Posted 8 months ago on June 20, 2013, 5:02 p.m. EST by BradB
from Washington, DC
This content is user submitted and not an official statement
June 19, 2013 |
It is going on five years since the financial crash and three years since President Obama signed the meager Dodd–Frank Wall Street Reform and Consumer Protection Act, and the big banks are still scamming and conning and ripping off their customers. What a huge surprise.
After the financial crash, we heard about a laundry list of abuses and frauds that ranged from small things, like hidden fees, to pushing minorities into subprime loans and then switching them into more expensive mortgages at signing time, to huge things like selling trillions of dollars in complicated CDO schemes and making bets on derivatives of derivatives without having the reserves to pay off what they owed when the bets went bad.
Of course, no one at the top was prosecuted and the banks were allowed to settle a host of charges (which meant that their shareholders, not the executives who made the decisions, paid the fines).
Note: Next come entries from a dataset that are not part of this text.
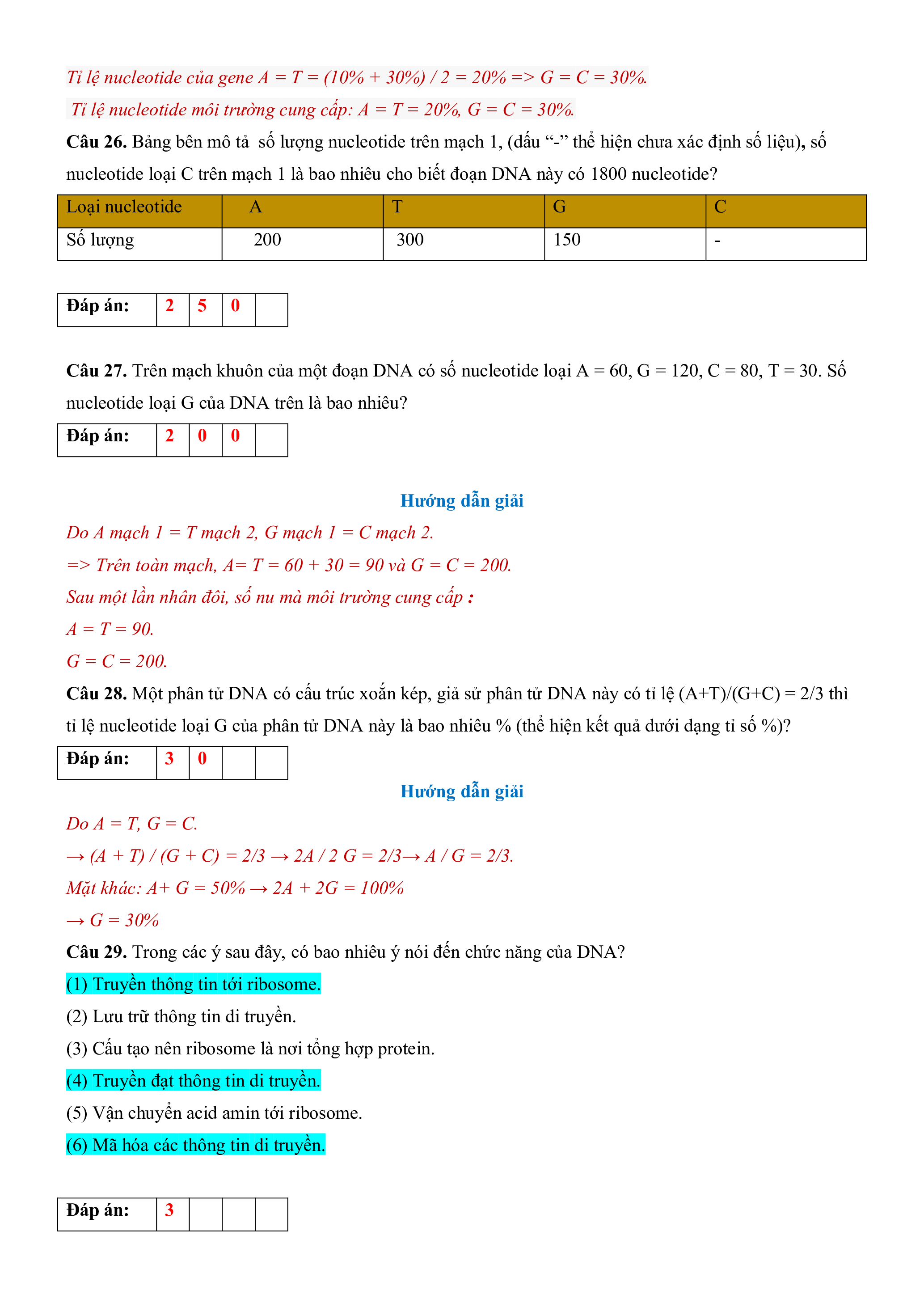 bằng số nucleotide loại T; số nucleotide loại G gấp 2 lần số nucleotide loại A; số nucleotide loại C gấp 3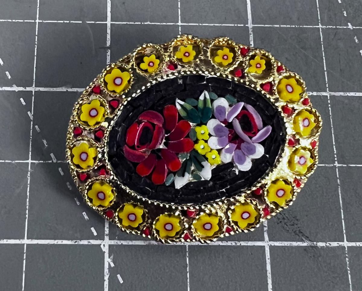 Yellow ish -Vintage Italian Glass Micro Mosaic Brooch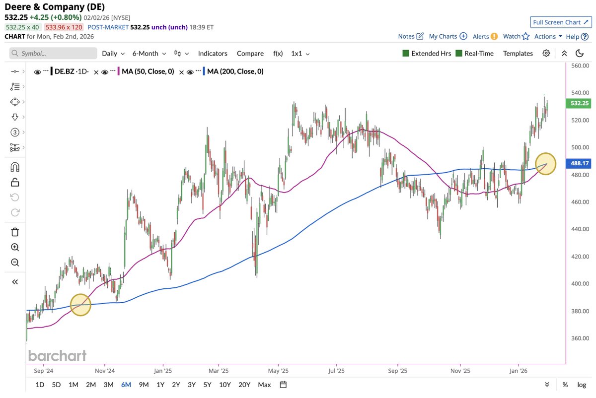 John Deere's $DE index has formed a golden cross! 🚨 A once-in-a-decade signal; the last time it surged 32%. Is this agricultural machinery giant about to become the engine of a bull market? Is this a return to value, or a trap set by market manipulators? 👇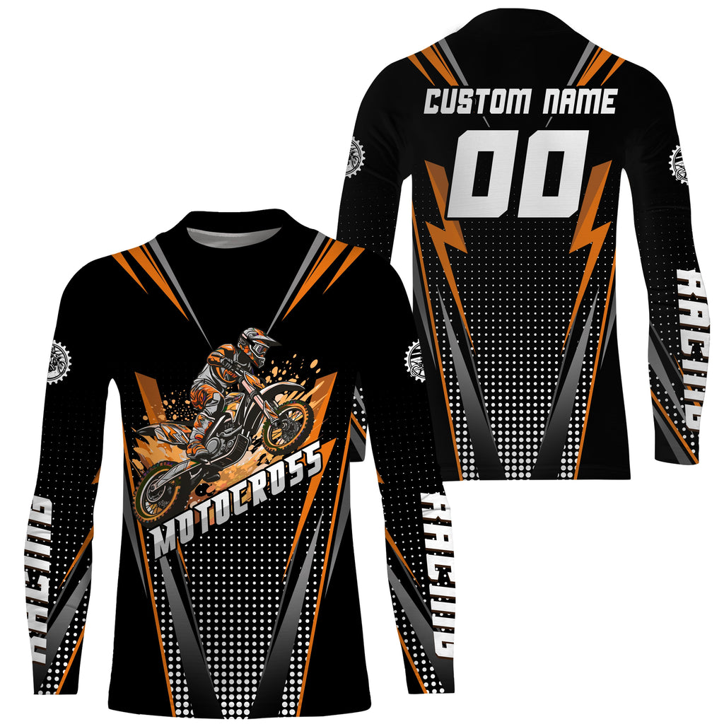 Maxcorners Personalized Orange Motocross Jersey Kid&Adult Upf30+ Dirt Bike Shirt Off-Road Motorcycle Racing MT2709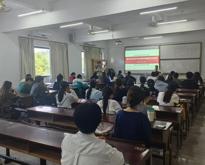 学习会上,蔡惠丽老师从乡村振兴、全面深化改革、传承红色基因、推进中国式现代化等方面带领读书社成员们一起学习了习近平总书记在福建考察时的重要讲话精神。10月15日至16日,习近平总书记先后来到漳州、厦门等地,深入乡村、红色教育基地、文物保护单位、自由贸易试验区等考察调研,并发表重要讲话。蔡惠丽老师表示习近平总书记的重要讲话精神为福建高质量发展指明了方向,擘画了蓝图,也为我们青年学子提供了行动指南,号召同学们要把总书记在福建考察时的重要讲话精神和党的二十届三中全会精神紧密结合起来,将个人的成长融入到国家的发展大局之中,为国家的繁荣发展贡献力量。

The bad behavior gave these giants a competitive advantage, driving out what good companies there were. So the costly and destructive bad behavior, schemes, cons and scams continue.
Falsifying Paperwork, Blitzing, Lying About Payments to Force Homeowners Into Foreclosure....
Bank Protection “Service” Puts Consumers at “Greater Risk Of Harm”....
Marketing Refinancing That Costs People....
Banks Trying To Kill the CFPB.....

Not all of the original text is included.